Heavy Rain to Hit San Francisco
The forecast of heavy rain warrants a second look at your emergency preparedness efforts and flood safety precautions.
Several free sandbag locations have been set up to meet the increased demand. In most locations, residents are required to bring a power bill or a current drivers license to show proof of address.
San Francisco County
Public Works will provide San Francisco residents and business up to 10 free sandbags leading up to and during severe rainstorms. Sandbags can be retrieved Monday-Saturday, 8 a.m. to 2 p.m., at the Public Works’ operations yard, Marin Street/Kansas Street gate.
For information about where to obtain sandbags for other counties, go here.
Tips on How to Prepare for Major Storm, Severe Flooding:
Create a Communications Plan
It is important to be able to communicate with your family and friends in the event of a disaster. Whether it is having a specific person identified to contact for status updates or a safe location to meet up with family members, having a plan in place will give you peace of mind if disaster does strike.
Assemble an Emergency Kit
It is good practice to have enough food, water and medicine on hand at all times to last you at least 3 days in the case of an emergency.
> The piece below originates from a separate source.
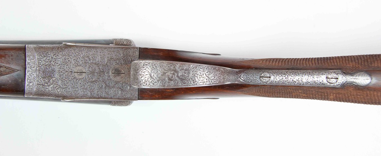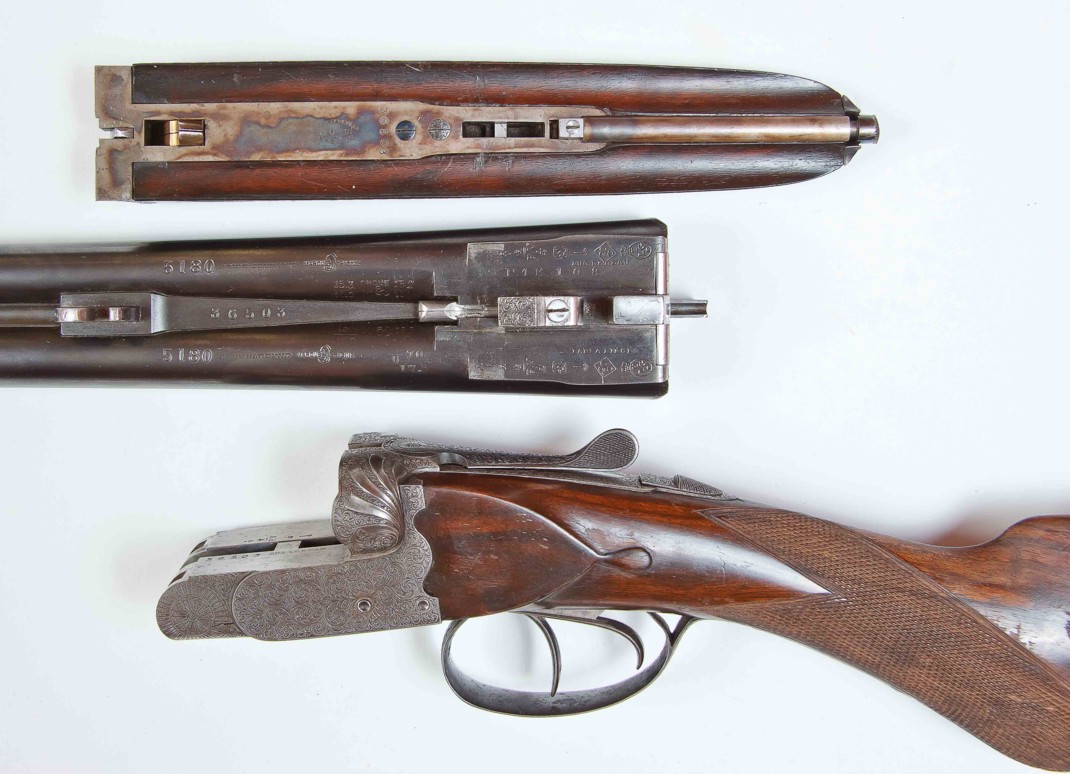 Very beautiful part of great quality! Rifle juxtaposed of gauge 12, locks hammerless, key Top lever, engraving of foliage in hollow bottom, English stick.

Water service may be interrupted or unsafe to drink and food requiring little cooking and no refrigeration may be needed if electric power is interrupted. You should also have batteries, blankets, flashlights, first aid kit, rubber boots, rubber gloves, and a NOAA Weather Radio or other battery operated radio easily available.
Know Your Risk
Is your home, business or school in a floodplain? Where is water likely to collect on the roadways you most often travel? What is the fastest way to get to higher ground? Knowing the answers to these questions ahead of time can save your life.
Sign Up for Notifications
Staying informed about the weather conditions is one of the best ways to know what you’re dealing. Downloading local weather apps to receive weather alerts and notifications is encouraged. The Advanced Hydrologic Prediction Service also provides RSS feeds for weather alerts.
Prepare Your Home
1. If you have access to sandbags or other materials, use them to protect your home from flood waters if you have sufficient time to do so. Filling sandbags can take more time than you may think.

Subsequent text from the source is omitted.